::: Given material :::

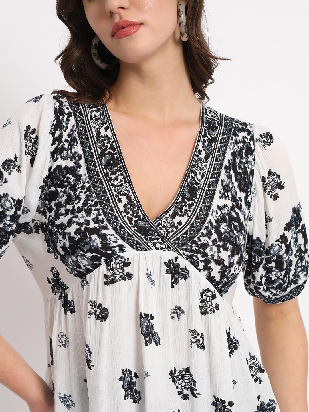 veldress21 Women’s Relaxed Fit Cotton Top Kurta Floral Printed Tunic Blouse Summer Fit And Flare Casual Stylish Short Kurta Half Sleeves Western (L) White
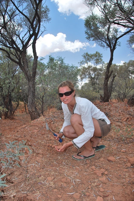 Kris uśmiecha się pobłażliwie, pokazuje nam różne kamienie, które po rozłupaniu świecą i – nie bójmy się tego słowa – opalizują! Okazuje się, że nie należy walić młotkiem w każdy kawałek skałki, ale tylko taki, który jest cięższy i ma takie charakterystyczne, nieregularne, bąbelkowate kształty.-„Skoro już wiecie, czego szukać, to pokażę wam teraz gdzie.” Jedziemy i zaczynamy szperać wśród kamieni. Kris z nami. Miał nam tylko pokazać miejsce, ale jak już zaczął łupać, to się wyraźnie wkręcił. -„Bo wiecie, czasem człowiek dostaje gorączki…”- tłumaczy.
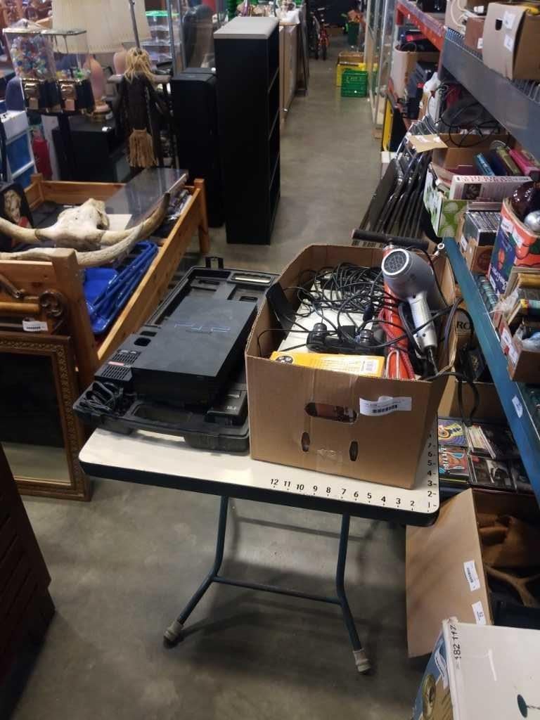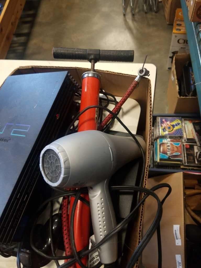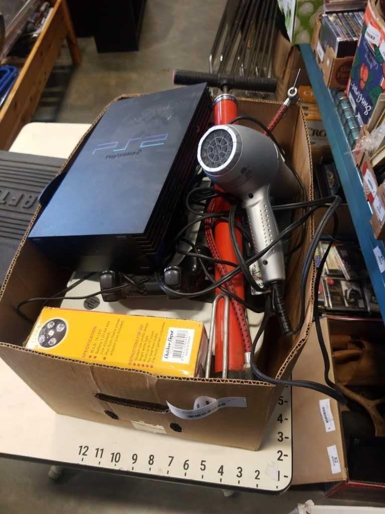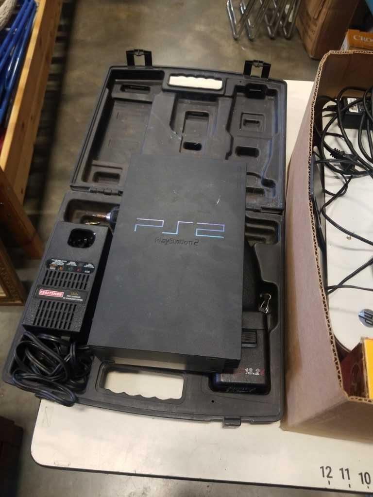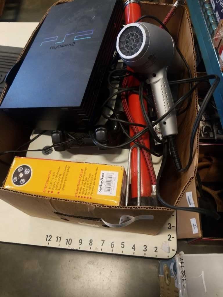 HP PRINTER, PS2 CONSOLE, UMBRELLA LIGHT, BIKE PUMP AND CORDLESS DRILL
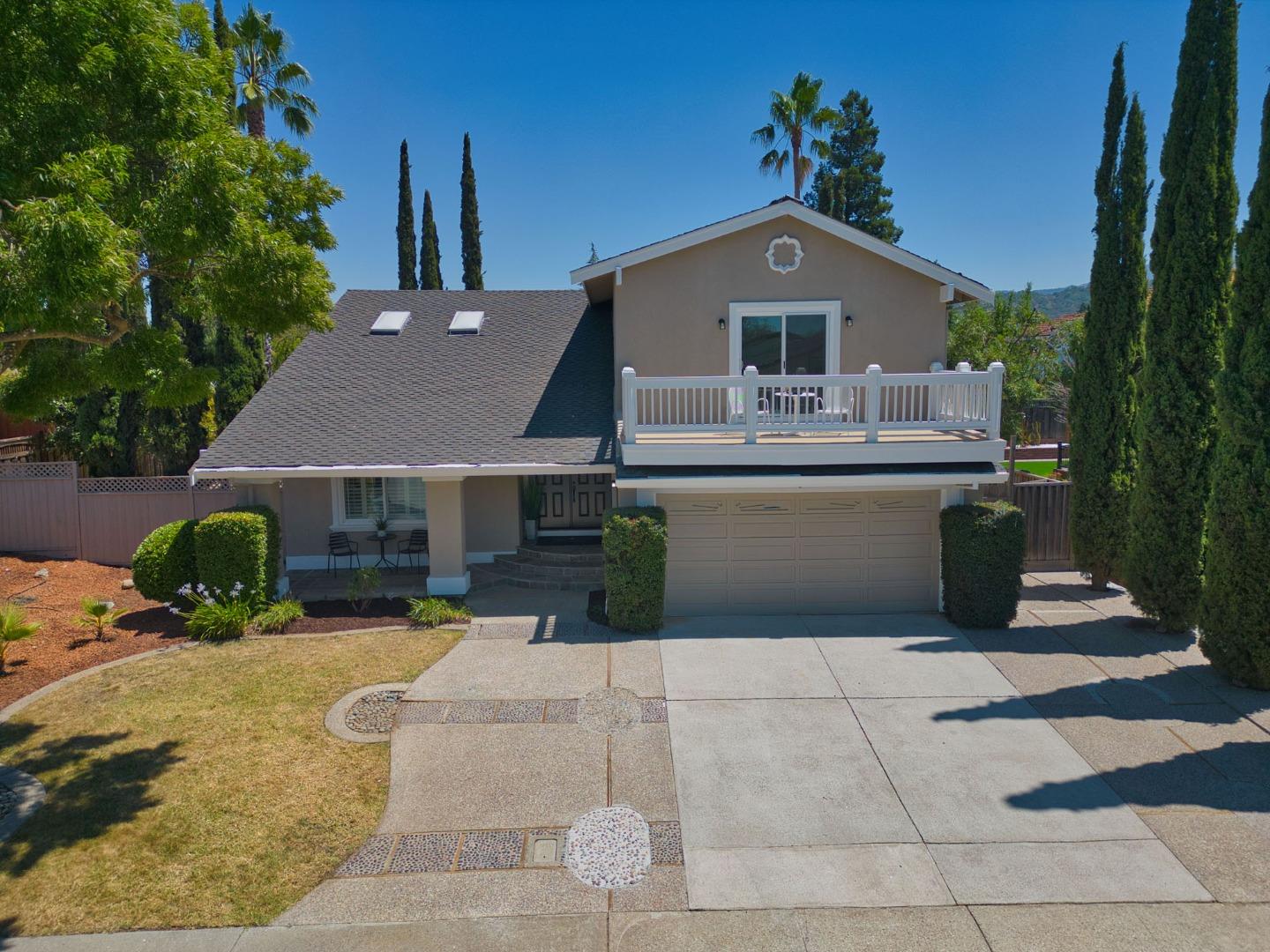 This stunning home nestled in the desirable Almaden Valley's Woodside neighborhood features 5 spacious bedrooms, including one on the ground floor plus a loft and three full baths. The home's impressive curb appeal is enhanced by a beautifully maintained exterior, a wide driveway, and a welcoming front porch. Inside, you'll find an open floor plan with a living room that boasts vaulted ceilings, hardwood flooring, recessed lighting and ample natural light from skylights. The kitchen is a chefs dream, complete with granite slab counters, hardwood cabinetry, and top-of-the-line appliances. Ecobee smart thermostat, fresh interior and exterior paint, copper plumbing, newer windows, vaulted ceiling, plantation shutters, private balcony off primary suite, updated baths, jetted tub, rain shower, plus much more. The spacious backyard is a beautifully designed outdoor oasis, offering multiple areas for relaxation and entertainment including dining and lounging. Paver patio, pergola, and lush landscaping. Large side yards. Located close to Los Alamitos Creek Trail, parks, schools, and shopping, this home offers the perfect blend of elegance, comfort, and convenience. Graystone Elementary, Bret Harte Middle and Leland High.

:::

- **Your task**
Without any pictures, output exactly the lines from the start of the material through the line that contains "HP PRINTER, PS2", and only those.

- **Response to this exercise**
 veldress21 Women’s Relaxed Fit Cotton Top Kurta Floral Printed Tunic Blouse Summer Fit And Flare Casual Stylish Short Kurta Half Sleeves Western (L) White
 Kris uśmiecha się pobłażliwie, pokazuje nam różne kamienie, które po rozłupaniu świecą i – nie bójmy się tego słowa – opalizują! Okazuje się, że nie należy walić młotkiem w każdy kawałek skałki, ale tylko taki, który jest cięższy i ma takie charakterystyczne, nieregularne, bąbelkowate kształty.-„Skoro już wiecie, czego szukać, to pokażę wam teraz gdzie.” Jedziemy i zaczynamy szperać wśród kamieni. Kris z nami. Miał nam tylko pokazać miejsce, ale jak już zaczął łupać, to się wyraźnie wkręcił. -„Bo wiecie, czasem człowiek dostaje gorączki…”- tłumaczy.
 HP PRINTER, PS2 CONSOLE, UMBRELLA LIGHT, BIKE PUMP AND CORDLESS DRILL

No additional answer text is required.